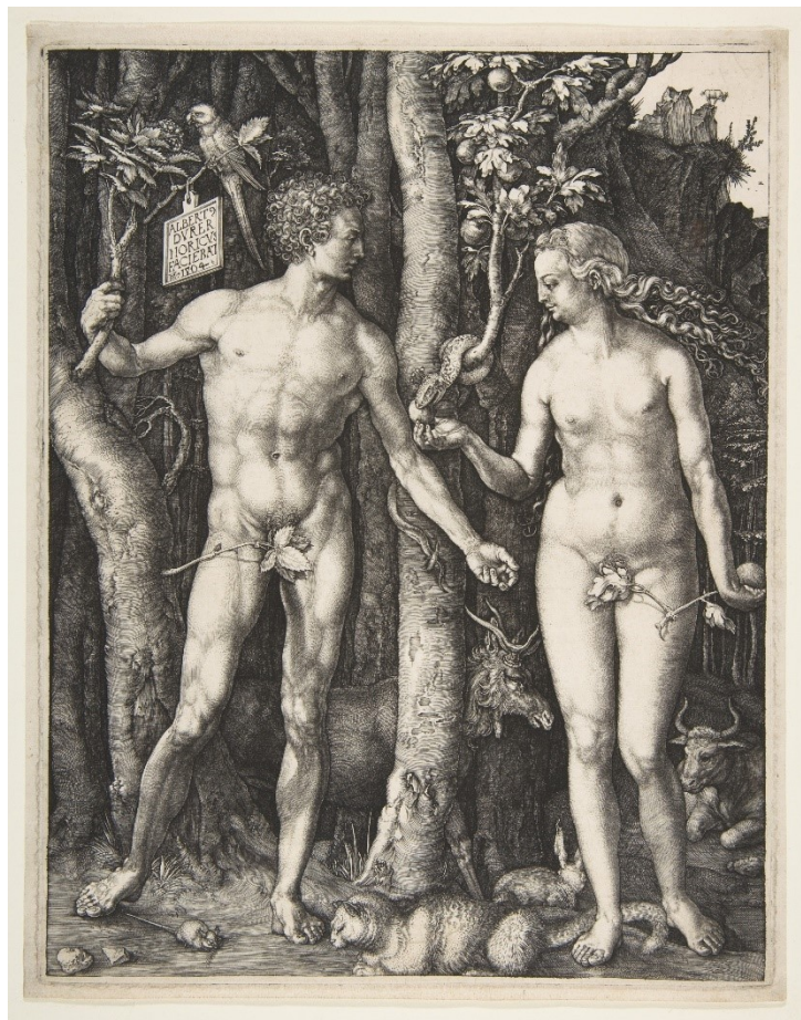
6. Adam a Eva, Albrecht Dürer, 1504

==

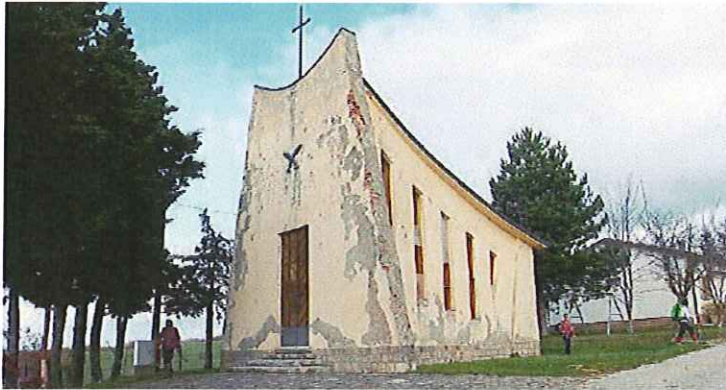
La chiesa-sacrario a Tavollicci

* * *

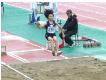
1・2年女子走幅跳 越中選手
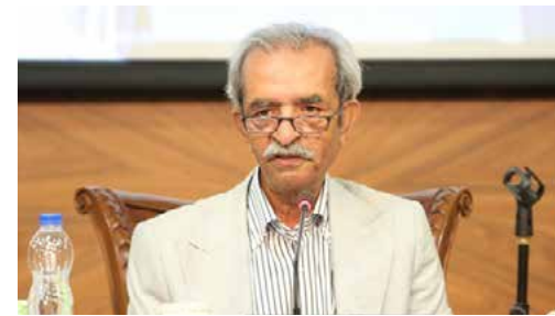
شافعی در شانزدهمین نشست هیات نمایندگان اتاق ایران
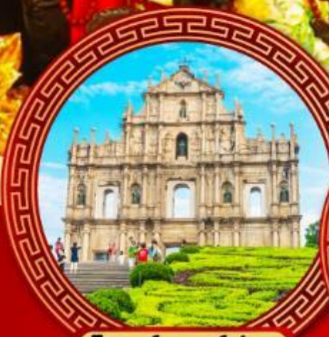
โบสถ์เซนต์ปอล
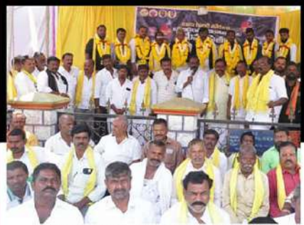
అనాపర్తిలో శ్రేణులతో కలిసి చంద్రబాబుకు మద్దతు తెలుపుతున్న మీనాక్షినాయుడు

### BRIEF
Copy only the lines above from the one containing "شافعی در شانزدهمین" through the one containing "అనాపర్తిలో శ్రేణులతో కలిసి", both included. Leave out the pictures.

### RESULT OF THE TASK
شافعی در شانزدهمین نشست هیات نمایندگان اتاق ایران
โบสถ์เซนต์ปอล
అనాపర్తిలో శ్రేణులతో కలిసి చంద్రబాబుకు మద్దతు తెలుపుతున్న మీనాక్షినాయుడు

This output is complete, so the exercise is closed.